The .NET runtime, standard library (BCL) and most of the community code relies on exceptions.

Exceptions will leak into your code unless you isolate dependencies.

let loadWebData url =
    taskResult {
        use client = new HttpClient()
        let! httpResponse = client.GetAsync url // This line will throw
        if not httpResponse.IsSuccessStatusCode then
            return!

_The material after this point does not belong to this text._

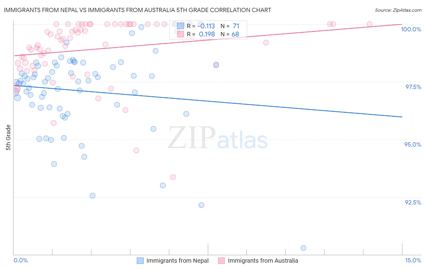 Immigrants from Nepal vs Immigrants from Australia 5th Grade Correlation Chart
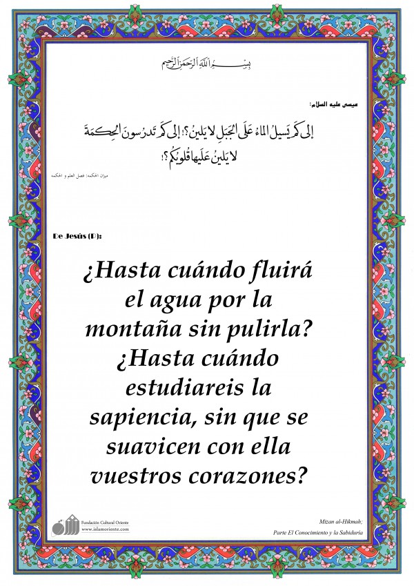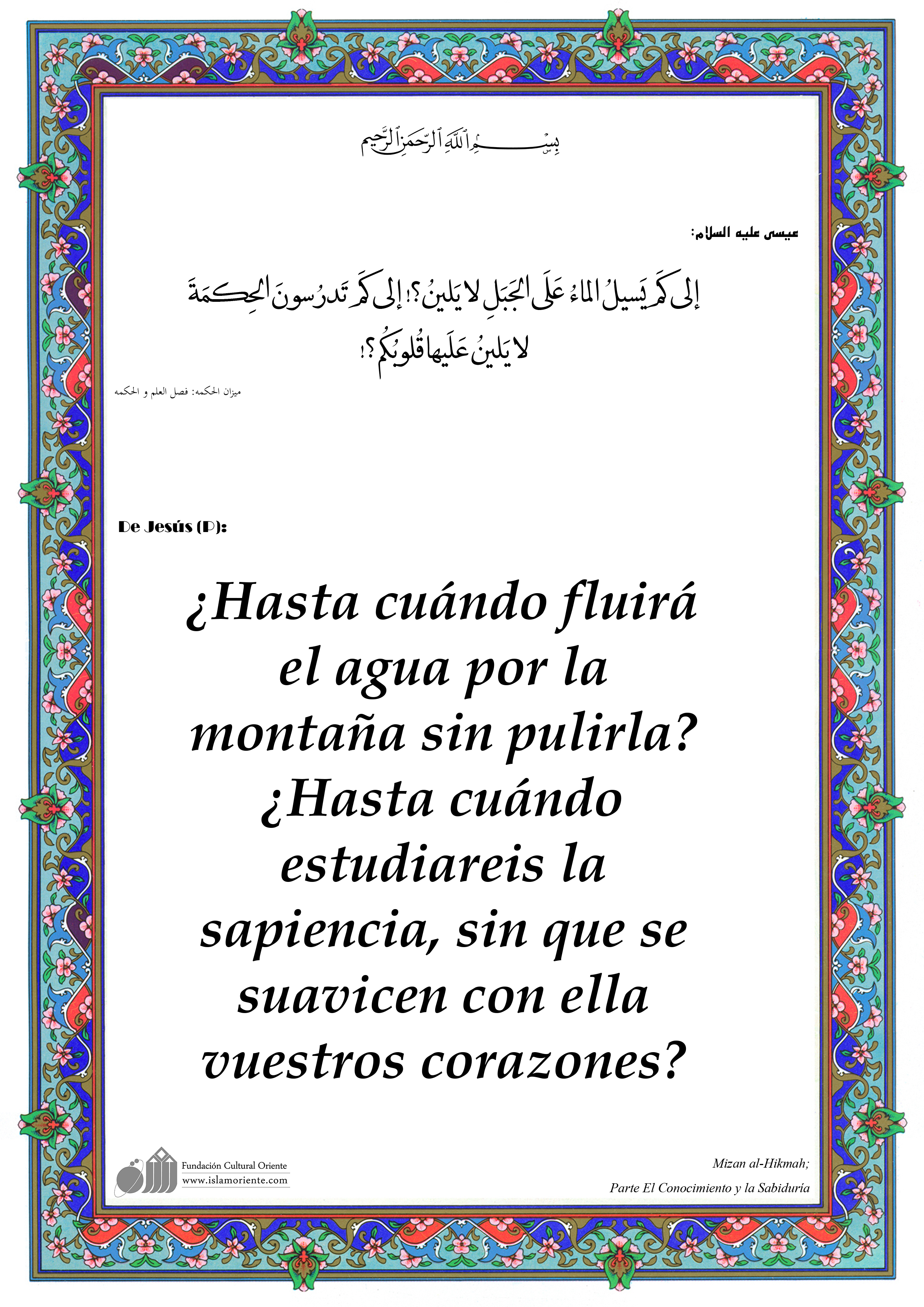 De Jesús (P): ¿Hasta cuándo fluirá el agua por la montaña sin pulirla? ¿Hasta cuándo estudiareis la sapiencia, sin que se suavicen con ella vuestros corazones?[I]

Error "Request failed"
        else
            let! content = httpResponse.Content.ReadAsStringAsync()
            return content
    }
    
taskResult {
    // loadWebData will throw a System.NotSupportedException:
    // "The 'http-bad-proto' scheme is not supported."
    // -> All result-based error handling is bypassed.
    let! data = loadWebData "http-bad-proto://example.com"
    printfn $"Data: {data}"
    return ()
} |> _.GetAwaiter().GetResult()

Exceptions will bypass all result-based error handling.

asyncResult and taskResult imply I/O.

Because async is mostly used for I/O operations which almost always have an error path, you need to watch out for exceptions, like in the HttpClient example above.
Less of a concern if I/O and core logic are separated, like in the functional core, imperative shell architecture.
Less of a concern when using F# libraries or frameworks.
The impact can be mitigated using wrapper classes and static analysis.

Getting started

If you haven't tried F#, or worked with Result types yet, I recommend starting with pattern matching. This site is a great source for learning more about the approach, although it doesn't cover CEs which solve many of the complexities.

Once you've grasped the building blocks, you can try refactoring your code using the result {...} CE from the excellent FsToolkit.ErrorHandling package.